### Task directions
Take the line containing "Tari 8047SU là" and every line after it to the end of the material below; reproduce them exactly, without pictures.

### Available data
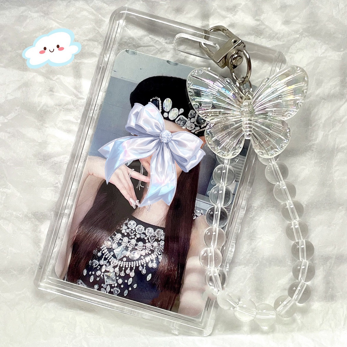 透明立体蝶カードホルダーキーホルダークリスタル蝶小さなカード収納学生バスカード ID カード食事カードホルダー
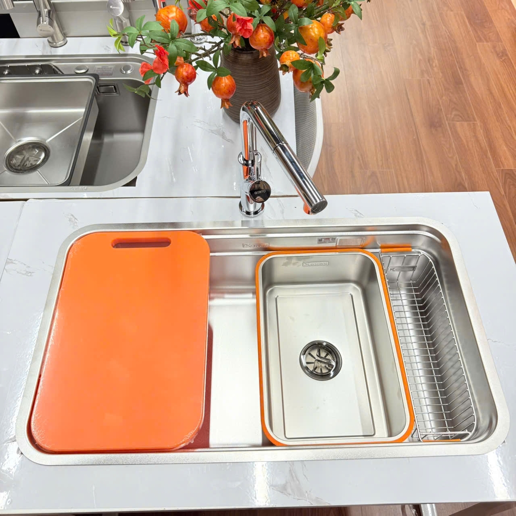 Tari 8047SU là phiên bản nâng cấp với góc lượn R50 bo tròn tinh tế, giúp hạn chế bám bẩn và dễ vệ sinh hơn khi sử dụng hằng ngày. Kích thước chậu được tối ưu cho mọi khoang tủ bếp, phù hợp nhiều không gian từ căn hộ đến nhà phố. Sản phẩm đi kèm 3 phụ kiện được chọn lọc đúng và đủ, đáp ứng trọn vẹn nhu cầu làm bếp, giúp khu vực dọn rửa gọn gàng, tiện lợi và tối ưu công năng.
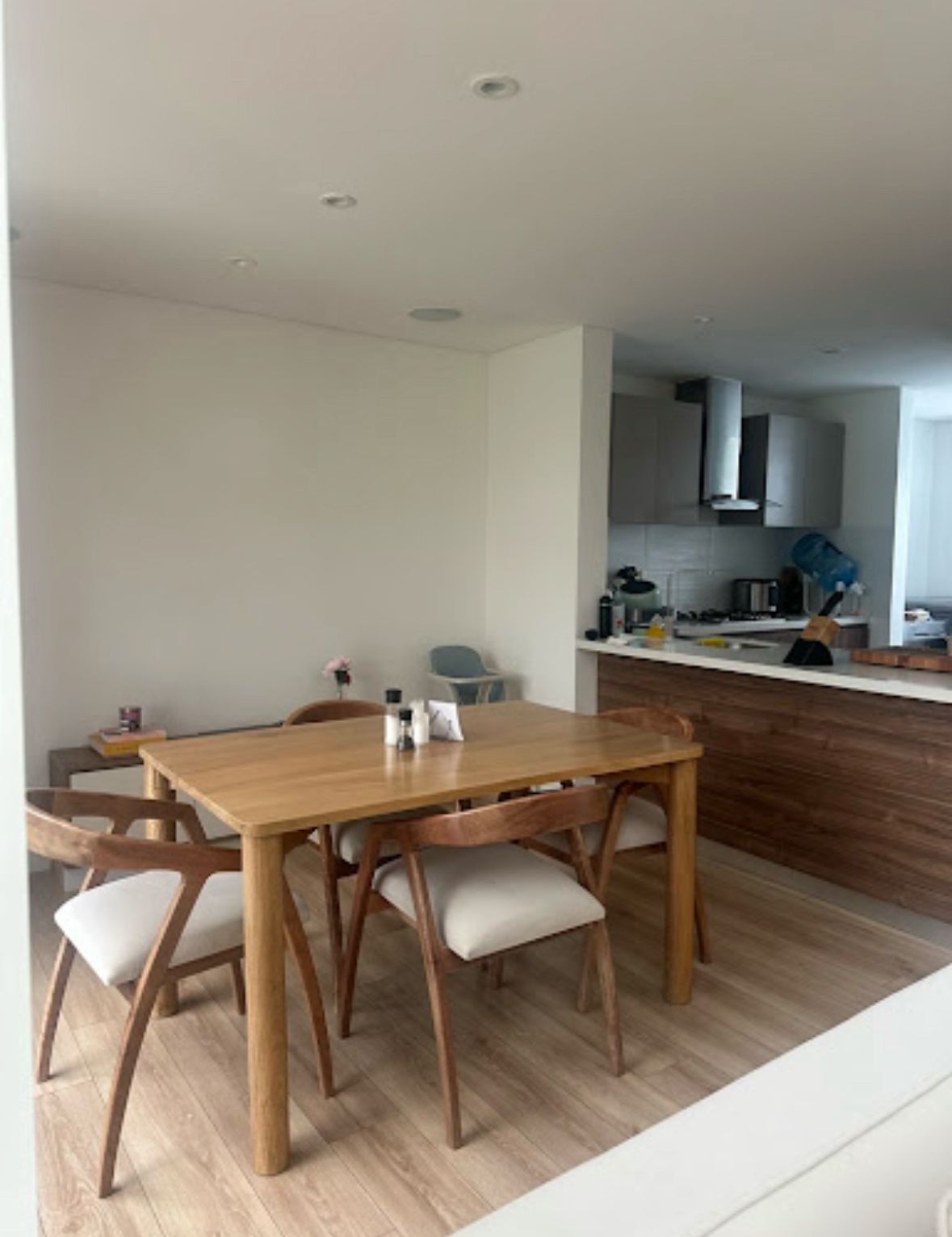 Para el comedor quiero hacer un buffet en la pared del fondo que vaya decoración lado a lado, como en. una imagen que te voy a mostrar en un momento. Quisiera también una lámpara de techo, decorar la mesa, y cambiar el color y textura que está al respaldo de la barra de la cocina

### Answer section
 Tari 8047SU là phiên bản nâng cấp với góc lượn R50 bo tròn tinh tế, giúp hạn chế bám bẩn và dễ vệ sinh hơn khi sử dụng hằng ngày. Kích thước chậu được tối ưu cho mọi khoang tủ bếp, phù hợp nhiều không gian từ căn hộ đến nhà phố. Sản phẩm đi kèm 3 phụ kiện được chọn lọc đúng và đủ, đáp ứng trọn vẹn nhu cầu làm bếp, giúp khu vực dọn rửa gọn gàng, tiện lợi và tối ưu công năng.
 Para el comedor quiero hacer un buffet en la pared del fondo que vaya decoración lado a lado, como en. una imagen que te voy a mostrar en un momento. Quisiera también una lámpara de techo, decorar la mesa, y cambiar el color y textura que está al respaldo de la barra de la cocina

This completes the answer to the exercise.